Other people are weird- we all know that. It's a universal truth. This subjective altruism can present uncomfortable and frustrating situations, especially during air travel. As a result, in my never-ending quest to point out and solve the world's ills one blog post at a time, I aim to identify and rectify those annoying travel situations.
Most people see problems. I see solutions. Therefore, I have compiled a manifesto of universal air travel etiquette by which everyone should abide.
1. If you know you have a small bladder or IBS, don't sit by the window. Get an aisle seat. No one appreciates having their attention torn from a book or movie because you have to pee or defecate every half hour.
2. Leave the kids at home. If grandma and grandpa really want to see them, they can eat cat food for a few weeks to save up enough money to make the trip to you. But if you absolutely have to bring them, slip 3x the recommended amount of Benadryl into their applesauce before the flight. In my 23 years of life my family never flew anywhere together because my parents knew the unprecedented havoc that would ensue- you're welcome.
3. If you have to get up and stretch your legs in the aisle, make it brief and don't linger. And if you MUST stretch, refrain from thrusting your ass and/or crotch into the faces of those seated in the aisle. I can't tell you the amount of saggy old man scrotum I've almost punched because of this. Respect those boundaries, folks.

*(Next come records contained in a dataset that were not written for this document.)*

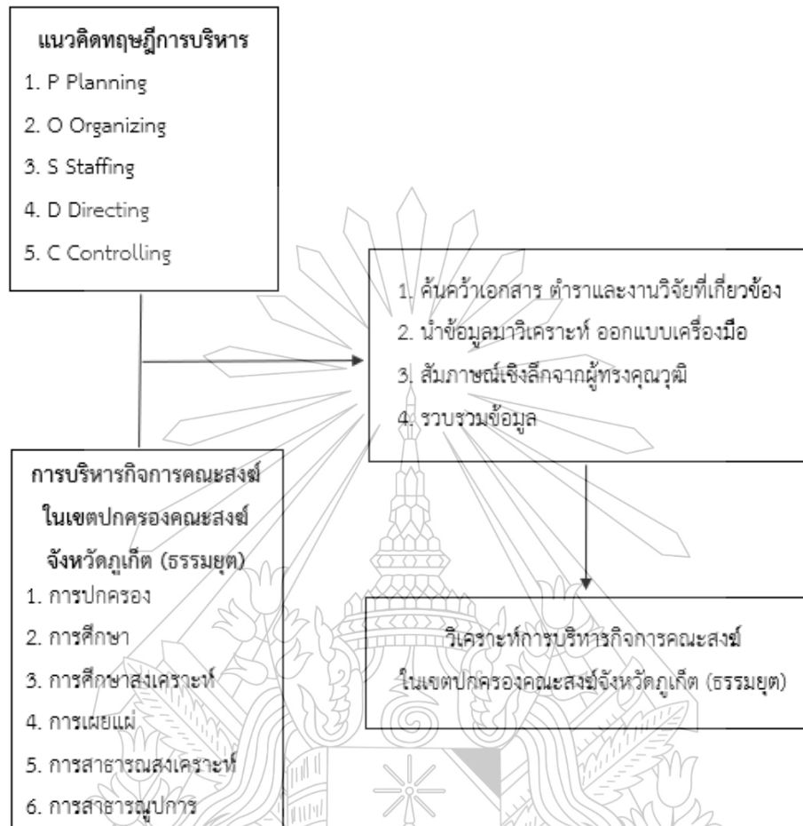
ภาพที่ 1.1 สรุปรอบแนวคิดที่ใช้ในการวิจัย
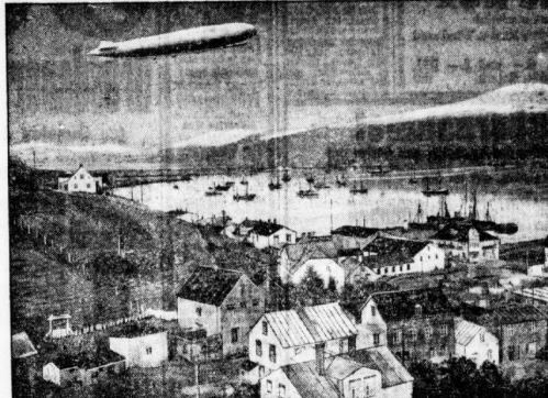
„Graf Zeppelin“ über einer isländischen Landschaft.

Das Luftschiff „Graf Zeppelin“ traf in Reykjavik auf Island ein. Die Besatzung wurde durch die Isländer sehr freundlich aufgenommen. Die Fahrt war sehr erfolgreich und hat die Popularität des Luftschiffes weiter gesteigert.
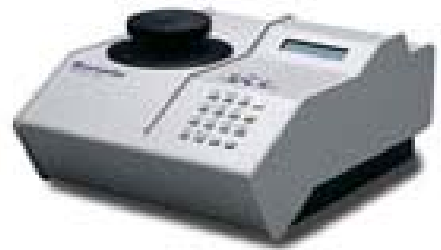
Fig.1 アキュピック 1330

物性の評価にはよく密度が使われますが密度と言っても空隙を含まない真密度、閉孔を含む粒子密度、そして細孔も試料の一部とみなしてしまう Envelope 密度といろいろあります。アキュピックではこの内の粒子密度を測定することができます。もちろん、その試料に閉孔がなければ真密度が測れていることになります。このアキュピック 1330 シリーズでは実際には体積のみの測定になります。そしてあらかじめ量っておいた質量を入力することで密度が計算されます。
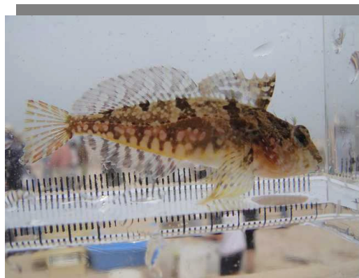
地曳網でみつかった生き物
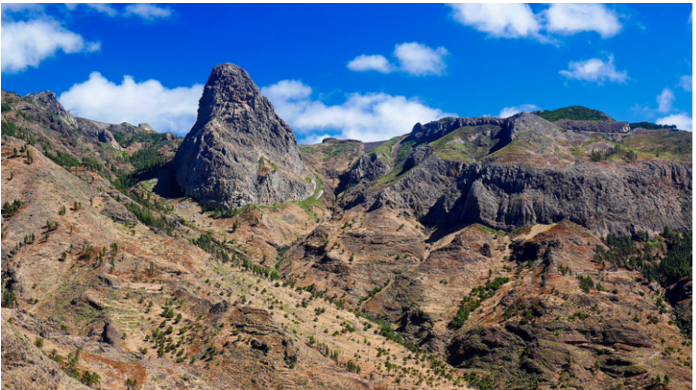
Gomera. Ostaniec Agando.

Historia odgrywa we wstępie i w całym Atlasie ogromną rolę, gdyż kulturze dawnych
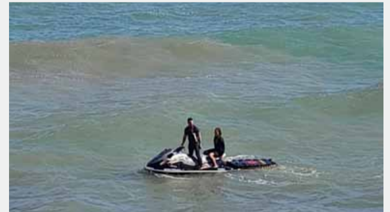
Buscan en Quequén a un turista desaparecido desde el viernes.

El operativo se amplió con la participación de brigadas de prevención, guardaparques, Defensa Civil y Guardavidas, quienes, junto a vehículos y motos acuáticas, realizan rastros en la zona. También se contó con la participación de un avión de la Prefectura que llegó desde la base de operaciones de Mar del Plata. (DIB) GML
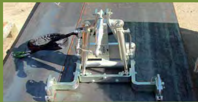
PORTE OUTIL HERBANET
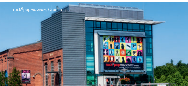
rock 2 popmuseum, Gronau

Für Ihre Tagesausflüge sind die 9 Uhr TagesTickets 1 Person ideal und immer günstiger als Einzeltickets für die Hin- und Rückfahrt. Es können bis zu drei Kinder unter 14 Jahre oder das Fahrrad mitgenommen werden.
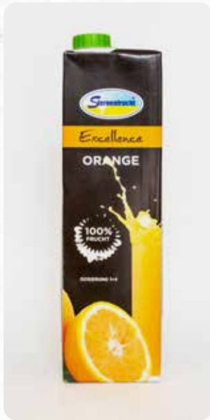
Orange Art.-Nr. 14601

4. The row of chairs in front of you is not a leverage tool. If you have to get up and are for some reason too weak to do so with your own God-given muscles, use your OWN chair for a crutch. There are people in front of you, and they do not like to be drawn back then catapulted forward as you make your way to the aisle.

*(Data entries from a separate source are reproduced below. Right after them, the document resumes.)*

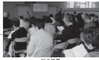
新入会員入会式風景

新入会員 入会式：今年度卒業の57回生の272名を代表して5名がそれぞれ、盛大な拍手がおくられた。
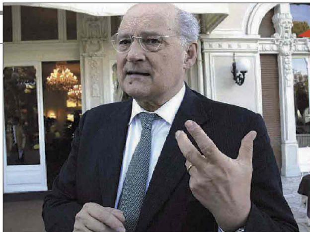
STEFANO ZAMAGNI economista riminese docente alla Università di Bologna terrà due interventi oggi e domani al teatro Titano di San Marino all'interno del "FestivalStoria" sulla politica monetaria europea che lo vede molto critico

San Marino. Oggi e domani al teatro Titano interviene l'economista Stefano Zamagni
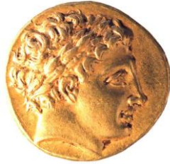
Buste d'Apollon / Bige 4 e siècle av. J.-C. Pella (Macédoine)
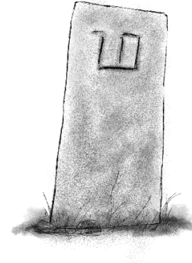
Şekil 4: Bayandır boyu mezar taşı

Bayat Boyu Oğuzların 24 boy teşkilatında Bozok koluna mensup olup sıralamada Kayı boyundan hemen sonra yer almaktadır. Boyun adı, Kaşgarlı Mahmud'un Divânu Lugâti't-Türk'ünde “Bayat” şeklinde geçmekte; Reşîdüddin Fazlullah'ın Câmi'ü't-Tevârih'inde ise damgası, ongunu ve tarihi bilgileri ile birlikte kayıt altına alınmıştır. “Bayat” kelimesi eski Türkçede “kutlu, mübarek” anlamına gelmekte olup, boyun Oğuz toplulukları içindeki yüksek statüsünü ve itibarlı konumunu ifade etmektedir (Şekil 5).
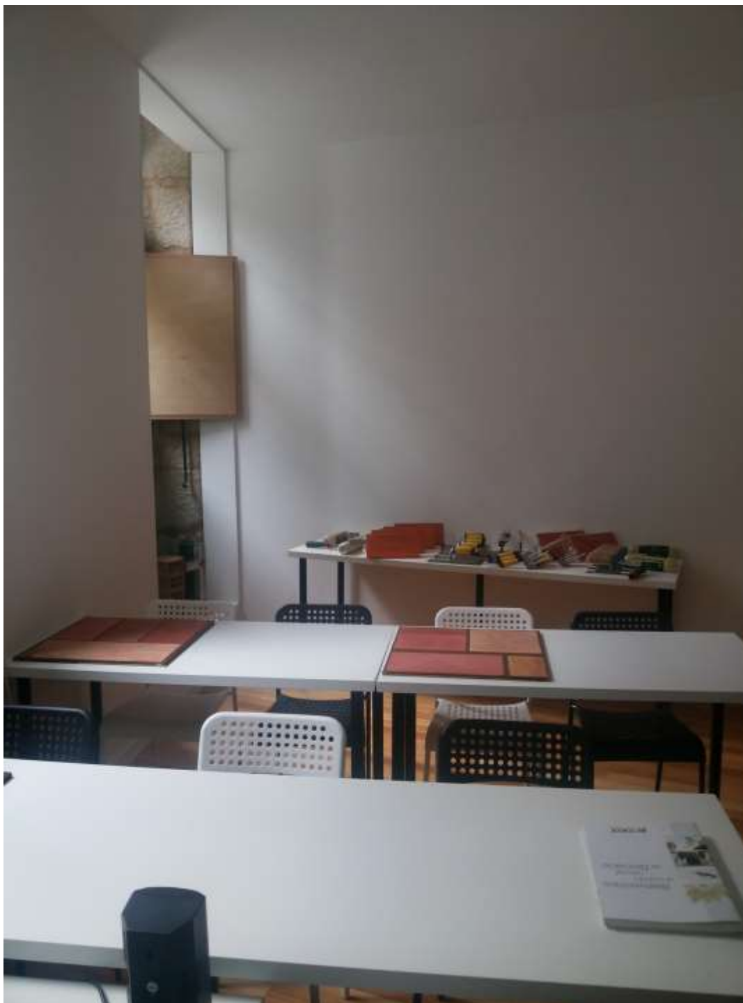
Estudio en el casco vello de Vigo.

VISITA A OBRA MÓDULO 5. REHABILITACIÓN DE EDIFICIOS PARA VIVIENDAS EN EL CASCO VELLO DE VIGO. PREMIOS COAG XV 2012.
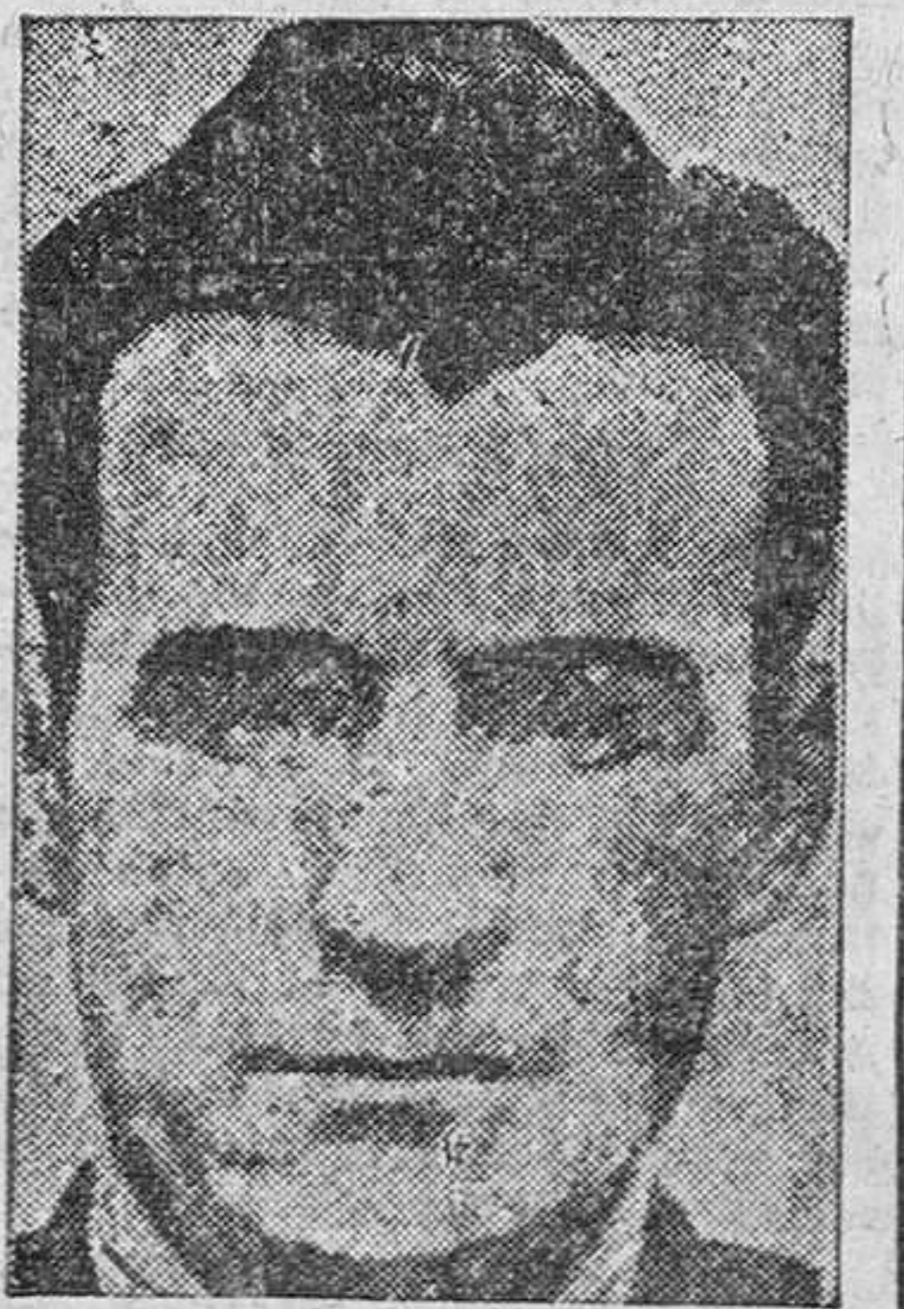
Peter Thomas Anthony Manuel

Glasgow, 11.—Peter Anthony Manuel, uno de los más alevosos criminales de la historia de Inglaterra, ha sido "colgado hasta la muerte" en el patio de la prisión de Barlinnie, esta mañana. Fué declarado culpable de siete asesinatos.

5. As long as we're on the subject, just don't touch the seat in front of you at all. Period. No exceptions. And if you need to use your tray table, pull it down and put it back very gingerly. Chances are the person seated in front of you has nerve endings and an inner ear.
6. Don't put the toilet lid down as you exit the lavatory. There is absolutely no need to do this. The suction system will already ensure that there is no lingering smell from your airport-burrito output. The only thing you are doing in putting the lid down is annoying the person after you who wants to touch the least amount of surface area possible; having to touch something that comes in direct contact with the toilet seat is the worst possible scenario.

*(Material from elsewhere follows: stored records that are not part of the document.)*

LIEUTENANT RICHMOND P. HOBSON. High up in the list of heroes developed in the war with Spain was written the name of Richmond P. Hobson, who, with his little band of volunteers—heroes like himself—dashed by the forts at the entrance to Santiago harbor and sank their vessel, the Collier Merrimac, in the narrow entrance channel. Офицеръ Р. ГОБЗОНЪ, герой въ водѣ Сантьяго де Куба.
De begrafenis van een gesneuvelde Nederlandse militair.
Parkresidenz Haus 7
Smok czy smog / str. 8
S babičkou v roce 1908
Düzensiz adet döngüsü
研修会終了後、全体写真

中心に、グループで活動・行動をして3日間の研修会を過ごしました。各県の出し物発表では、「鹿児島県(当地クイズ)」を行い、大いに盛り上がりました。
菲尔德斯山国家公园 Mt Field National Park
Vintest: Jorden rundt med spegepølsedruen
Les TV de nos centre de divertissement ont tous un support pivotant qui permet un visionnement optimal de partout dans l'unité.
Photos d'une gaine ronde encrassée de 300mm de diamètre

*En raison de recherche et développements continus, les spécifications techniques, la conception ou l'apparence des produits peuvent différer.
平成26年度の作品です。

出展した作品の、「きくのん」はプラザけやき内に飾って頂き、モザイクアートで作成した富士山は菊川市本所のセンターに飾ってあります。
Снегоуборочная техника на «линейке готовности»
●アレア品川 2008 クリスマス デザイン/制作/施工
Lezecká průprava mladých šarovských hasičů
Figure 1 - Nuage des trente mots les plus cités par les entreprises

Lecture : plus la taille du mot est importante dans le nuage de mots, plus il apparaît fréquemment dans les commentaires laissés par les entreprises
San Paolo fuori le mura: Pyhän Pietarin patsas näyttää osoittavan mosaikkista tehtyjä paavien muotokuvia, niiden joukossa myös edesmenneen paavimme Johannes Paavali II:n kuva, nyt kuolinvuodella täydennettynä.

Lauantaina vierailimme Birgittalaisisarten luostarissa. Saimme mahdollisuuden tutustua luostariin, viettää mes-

7. One minute rule for the bathroom. You're trapped in a plane- the lavatories aren't going anywhere and neither are you. Wait until you're prairie-dogging it so a line doesn't form in the aisle while everyone else is waiting for your hemorrhoid-inducing pushes to expel rock-hard BB pellets. Just leave them in there and let them ripen until they're ready to come out on their own accord. It's a safety issue, really.
8. Stay within the confines of your seat. If you're spilling over into the other seats, lose weight or buy two tickets for yourself. And don't be an armrest hog- compromise. A good rule of thumb for being a pleasant neighbor is to draw imaginary lines from your armrests all the way out to the seats in front of you, and do not cross those lines while seated.
9. Upon arrival, let everyone seated in front of you exit the aircraft first. If you're one of those people who absolutely needs to pop up out of their seat right when that bell dings to smushedly stand in the aisle for 10 minutes before the door opens, it doesn't mean you have the divine right to straight-arm everyone in front of you to get off the plane first. Respect the logical system. The 3 minute difference is not going to kill you.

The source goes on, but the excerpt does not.